Consider build system revisions

[brghena]

The current Make build system has become unwieldy.

Some particular reasons for this that I can list off the top of my head:

• Some of it is due to the need to check things about or within files. We use a bunch of tools, not just Tockloader and elf2tab, but also perl and test. These can add hidden dependencies and variation between dev environments (Linux vs MacOS).
• We have many flags and configurations for GCC and other tooling. Many of those can be set to defaults, but occasionally we have change those defaults. So variables have to be made available to configure these.
• The biggest issue is support for multiple architectures. Each architecture will have its own configurations and its own build rules. But the build rules share more than they differ, so we created a system to generate build rules for each architecture for a set of standard build rules. This is quite hard to follow (at one point we get four $ variable escapes deep!). This has been exacerbated by the need for hard-coded application addresses on RISC-V. Currently libtock-c builds for 17 targets, 4 ARM and 13 RISC-V (many of which differ only in memory addresses).

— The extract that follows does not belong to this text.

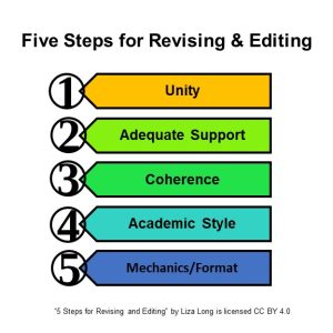 Have your ever been told to “revise” your paper or to “edit” a peer’s paper? What do these words mean? Just as writing is a process, effective revising and editing also involves several steps. If you focus on one step at a time and take a break between steps, you’ll be able to make sure that your paper includes all of the required elements in the right order and that your academic style is confident and competent.

What do we do about this? It's not clear that there's a way to do better with Make. So, we've discussed ideas of changing to a new build system.

Some general things that I personally think we want in any build system:

• Standard tools as much as possible (or at least standard interfaces for users). Being able to "just type make" feels nice.
• Creating a new application that does normal things should be simple. (e.g., just copy-paste an existing build file)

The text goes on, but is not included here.